Well if you don’t want to bisect it and also won’t let anyone else bisect it, this is a pretty big waste of time.
I’m honestly so annoyed by this thread, why did all these people even continue the guessing game for days when there is a direct and reliable solution that’s just being dismissed.
It was a productive thread, we got a lot of different benchmarks testing the overflow feature. With respect to the bisecting, @gummybears isn’t referring to bisecting his app, he has said that his code has not changed. What needs to be bisected is Crystal between these versions. So anyone can do that work.
Based on the benchmark results, it does still seem to be something else that caused a slowdown between versions.
I am still wondering if anyone from the core team has any info around what performance benchmark tests are performed between Crystal releases. If none, maybe that is something that we could develop? Performance is a feature of the language that is touted and treasured, and so it would be great if it is measured between releases.

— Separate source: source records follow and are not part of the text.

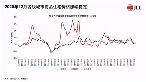 在價(jià)格方面,國(guó)家統(tǒng)計(jì)局?jǐn)?shù)字顯示,2020年12月份70個(gè)大中城市新建商品住宅銷售價(jià)格漲幅總體穩(wěn)定。12月份,4個(gè)一線城市新建商品住宅銷售價(jià)格環(huán)比上漲0.3%,漲幅比上月擴(kuò)大0.1個(gè)百分點(diǎn);二線和三線城市新建商品住宅銷售價(jià)格環(huán)比均上漲0.1%,漲幅均與上月相同。全年來看,一線城市新建商品住宅銷售價(jià)格同比上漲3.9%,二線和三線城市新建商品住宅銷售價(jià)格分別同比上漲4.0%和3.5%,漲幅均超過2019年。
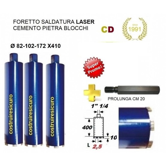 Kit Foretti Diamantati Per Carotatrice 82-102-172 X 410 Saldatura Laser Per Cemento Mattone Arenaria Cacestruzzo Armato B
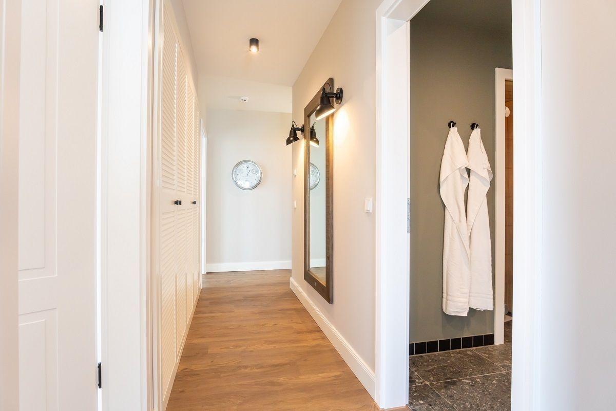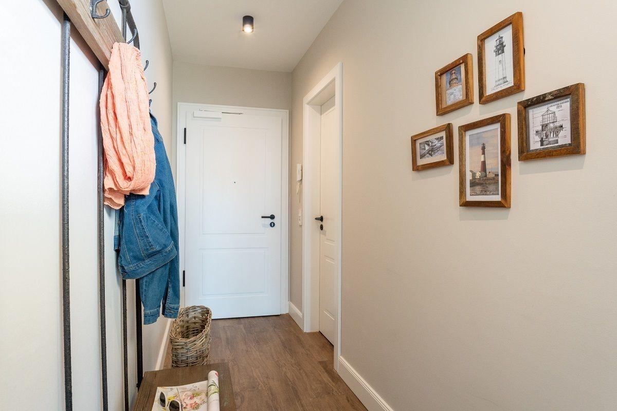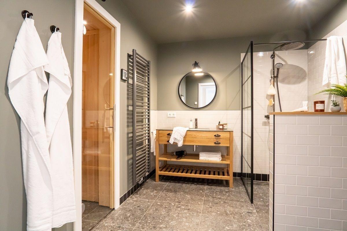 Das Bad verfügt über eine ebenerdige Dusche, einen Kosmetikspiegel und einen Handtuchheizkörper. Und an Schietwettertagen lädt die eigene Sauna zum Relaxen ein.
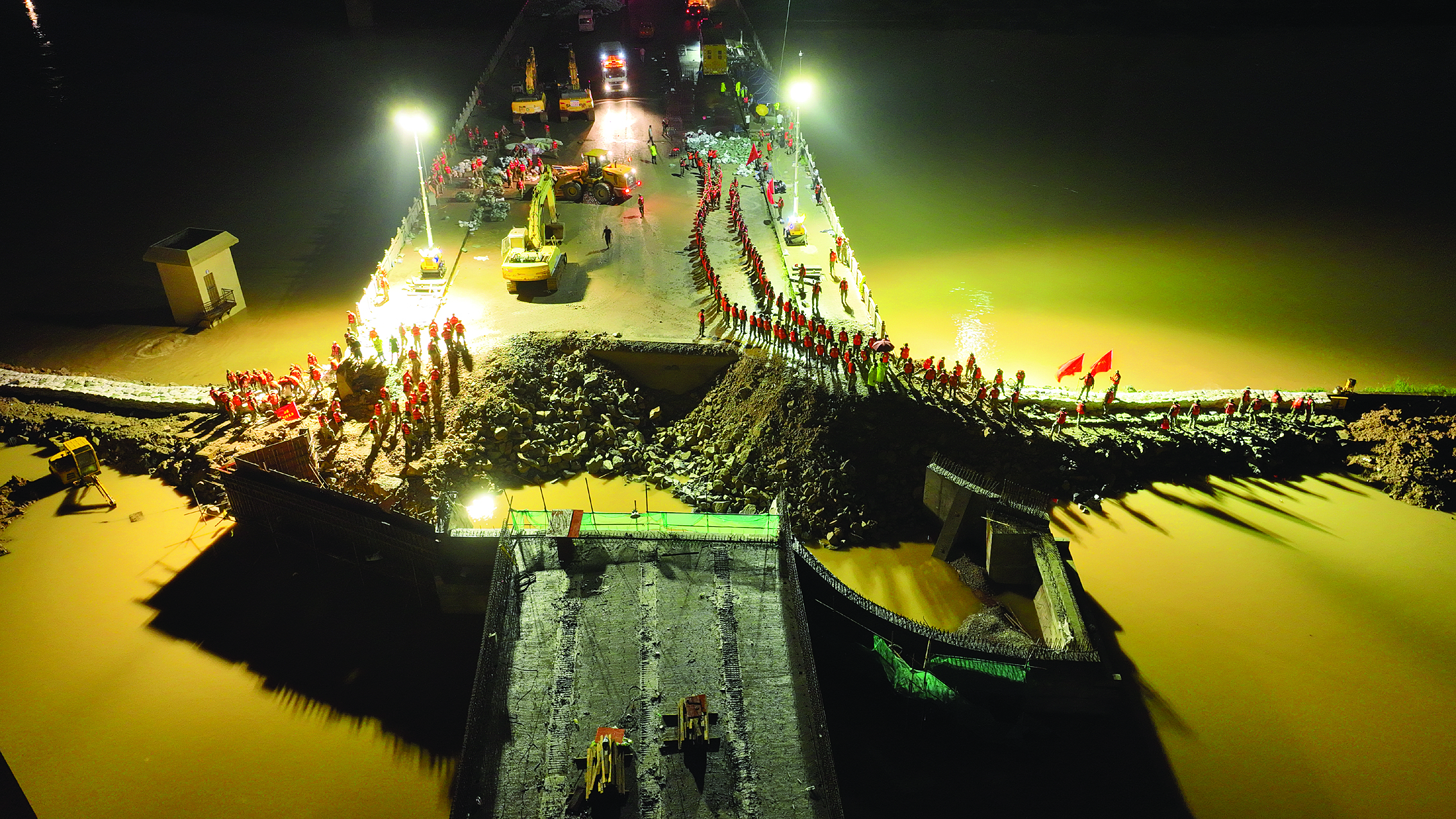 記者看到,鏟車轟鳴著在推土,卡車在雨霧中穿梭,挖掘機(jī)忙碌運(yùn)送砂石。經(jīng)過連續(xù)奮戰(zhàn),累計(jì)填筑土方石料約5800立方米、沙袋約1萬個(gè),當(dāng)晚19時(shí)50分,隨著最后一車土石料精準(zhǔn)填筑到位,漫堤順利完成合龍。
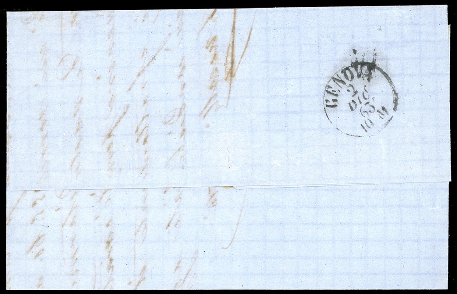 1863 - 15 cent. De La Rue (L18), perfetto, su lettera da Bologna 1/12/1863 a Genova. Interessante e pregevole lettera risalente al PRIMO ... Read more
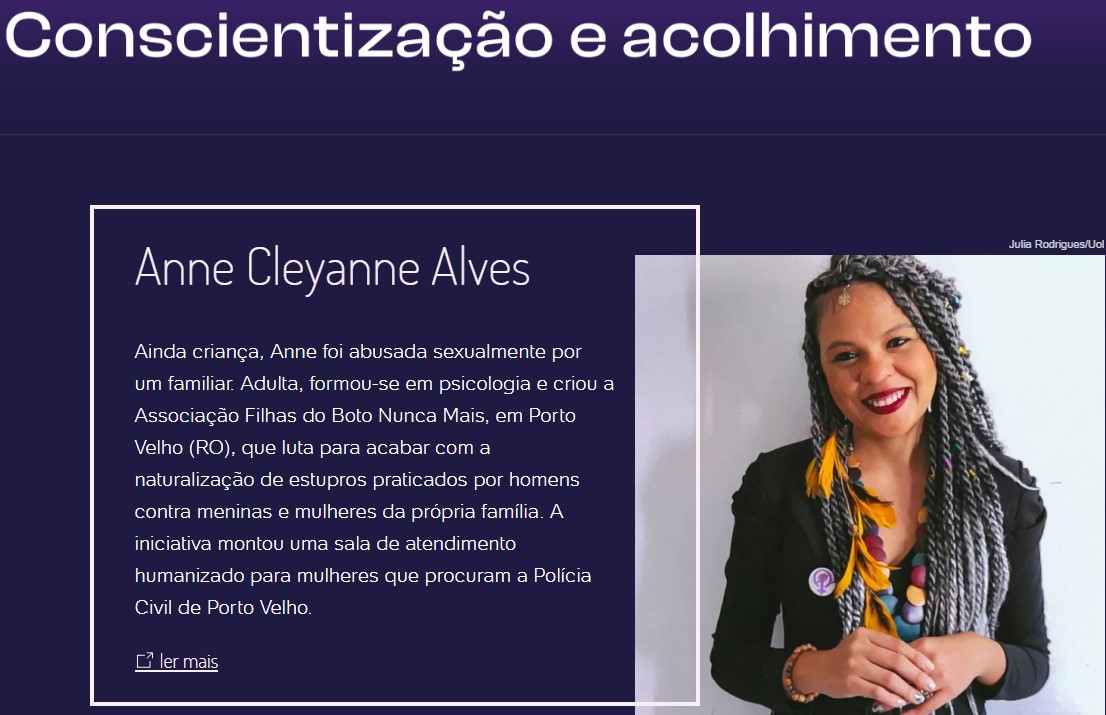 Ainda criança, Anne foi abusada sexualmente por um familiar. Adulta, formou-se em psicologia e criou a associação em Porto Velho. Com 52 voluntárias, a ONG luta para acabar com a naturalização da violência sexual praticada por homens contra meninas e mulheres da própria família.
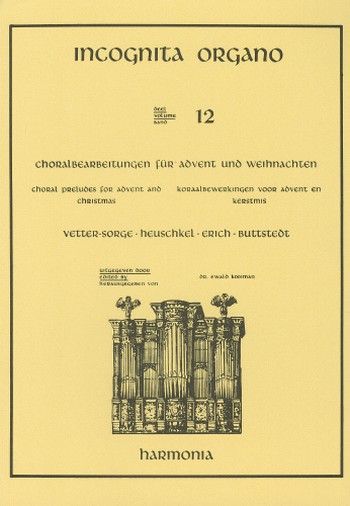 Chorale Preludes for Advent and Christmas. 8 Chorale-Based Works by Vetter, Heuschkel, Buttstedt, Sorge, Erich. Incognita Organo, Vol. 12. Edited by E. Kooiman.
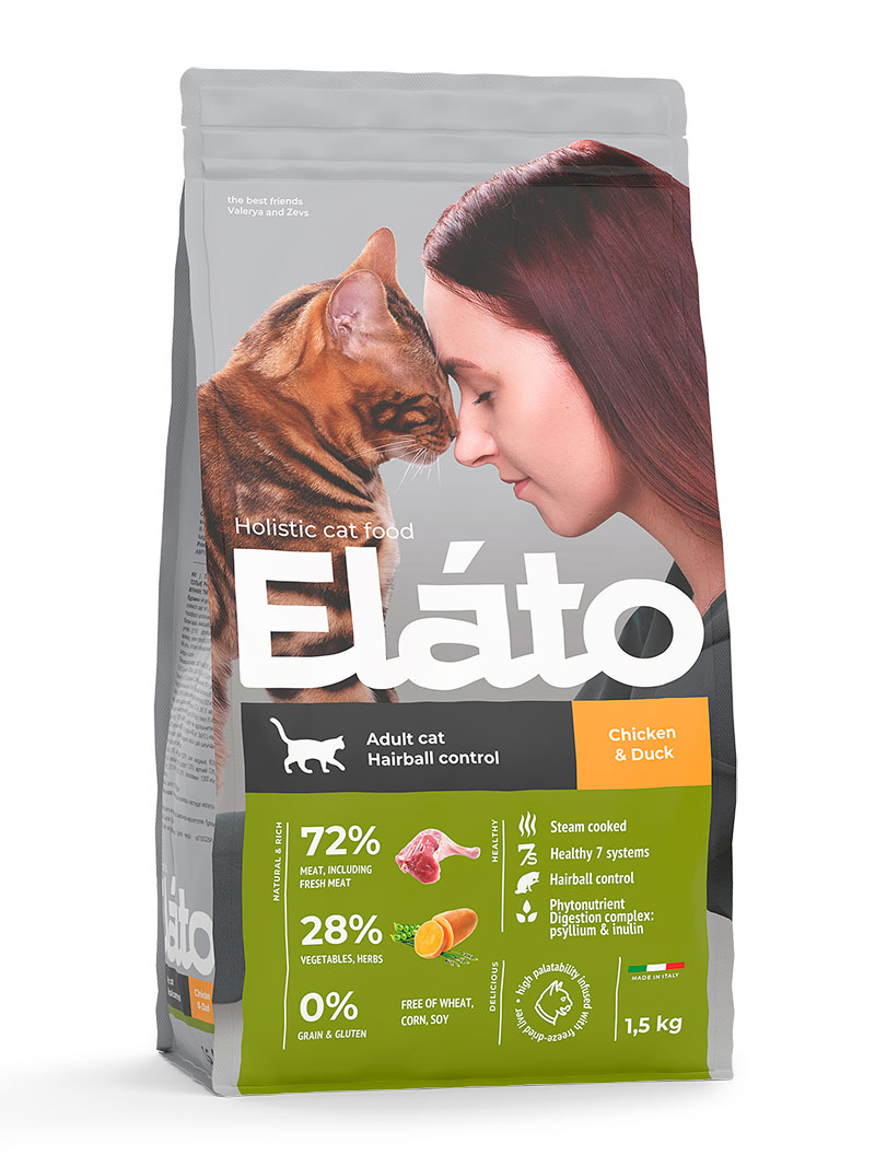 Elato Holistic – полнорационный корм для взрослых кошек с курицей и уткой / для выведения комочков шерсти из желудка и кишечника кошек
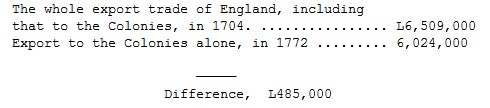 I have in my hand two accounts; one a comparative state of the export trade of England to its Colonies, as it stood in the year 1704, and as it stood in the year 1772; the other a state of the export trade of this country to its Colonies alone, as it stood in 1772, compared with the whole trade of England to all parts of the world (the Colonies included) in the year 1704. They are from good vouchers; the latter period from the accounts on your table, the earlier from an original manuscript of Davenant, who first established the Inspector-General's office, which has been ever since his time so abundant a source of Parliamentary information.
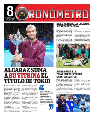 (N.5) en la final del torneo ATP Tokio, frente al argentino Sebas- Ocho títulos, diez ridas, al que logró derrotar en las break a Miñaur.
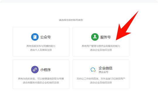 再找个邮箱继续注册账号,账号类型选择服务号。
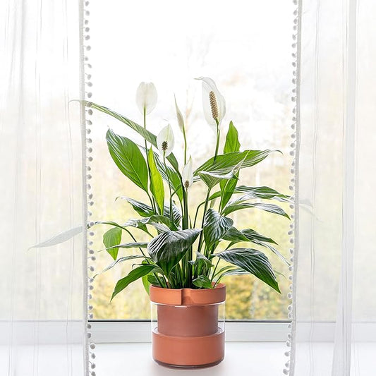 Phoenix Vine 8 Inch Self Watering Planter Pot, Terracotta Clay Pot with Glass Reservoir for Indoor Plants, Herbs, Flowers, Set of 1, 52-A-H-1
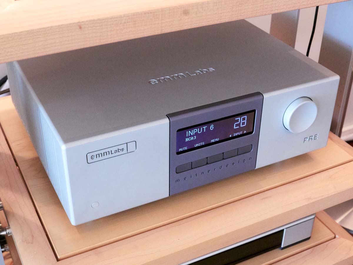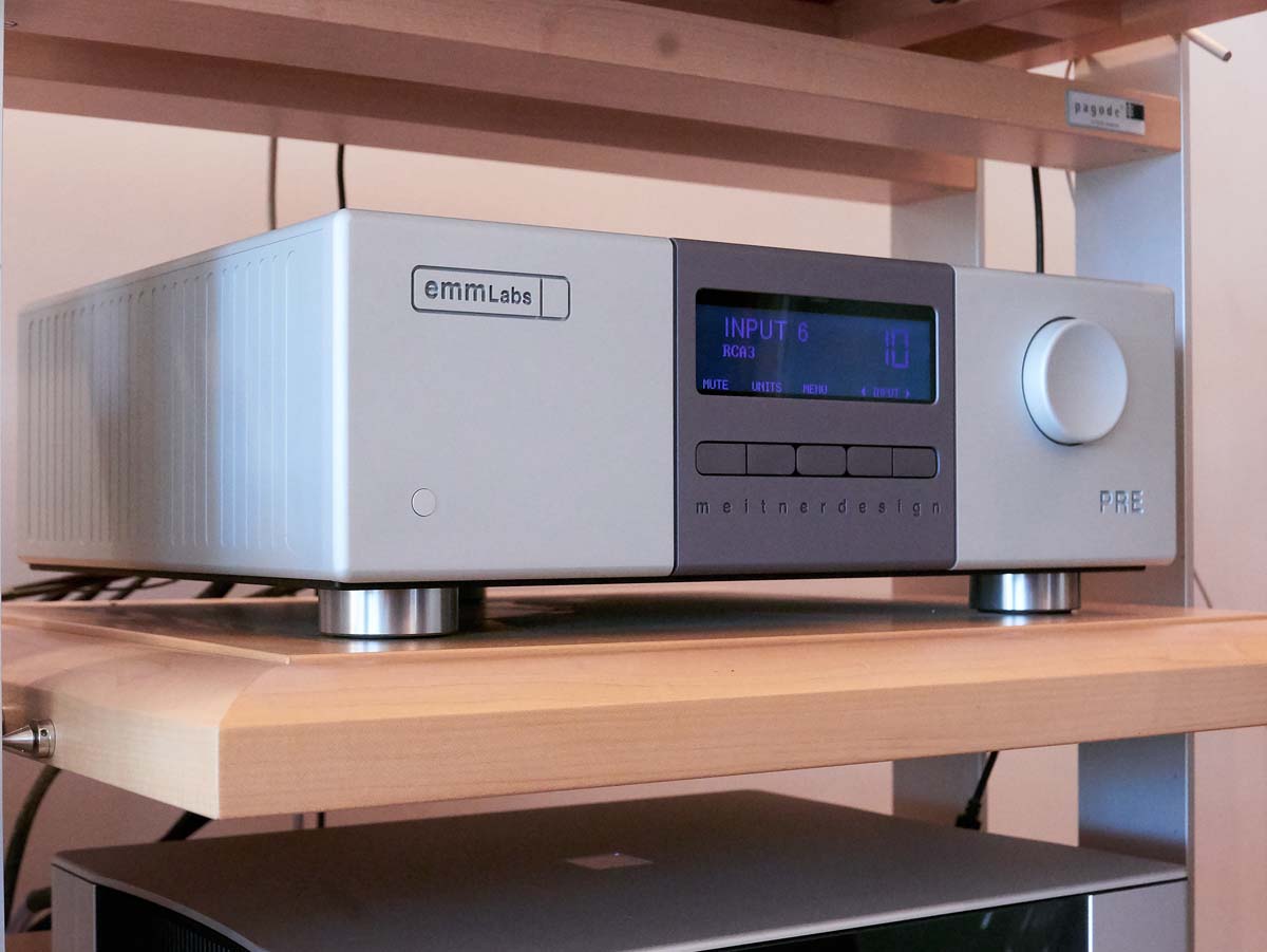 Auch beim Antrieb vertraut Her P. mittlerweile auf Elektronik aus dem Odenwald. Sage und schreibe sechs von Avantgarde Acoustics Mono-Amps (Model 1) treiben die beiden Hörner in schlagkräftiger Tri-Amping-Kooperation an. Als Vorstufe, D/A-Wandler und Zuspieler dienen die herausragenden Komponenten von EMM Labs, die ich zwar kannte, aber noch nie in Aktion erleben konnte. Abgerundet wird die Anlage von Transrotors Fat Bob und einem Sooloos-System, das über seine Netzwerkverbindung mit Servern im Keller des Gebäudes verbunden ist. Die gesamte Anlage wird über eine separate Stromzuführung gespeist. Kurzum: Hier bleibt nichts dem Zufall überlassen.

I don’t think you understand, I am talking about perhaps bisecting the Crystal compiler repo but decided against it, as I am not familiar with the code of the Crystal compiler.
Perhaps you should read things better before commenting in such a way. I am working on an interpreter. The performance problem is not with my code as far as I can tell but with the Crystal compiler. There is no guessing game here, I did what people asked me to do and provided the information.
If we’re putting things that way… No I don’t think you understand.
You don’t need to be familiar with any code at all, that’s the great part about bisecting.
But since you’re claiming that the slowdown affects your code particularly, that means any measurement needs both your code where such a slowdown is reproducible and Crystal compiler code. So, what would be measured is your code but what would be bisected based on that is Crystal compiler repo.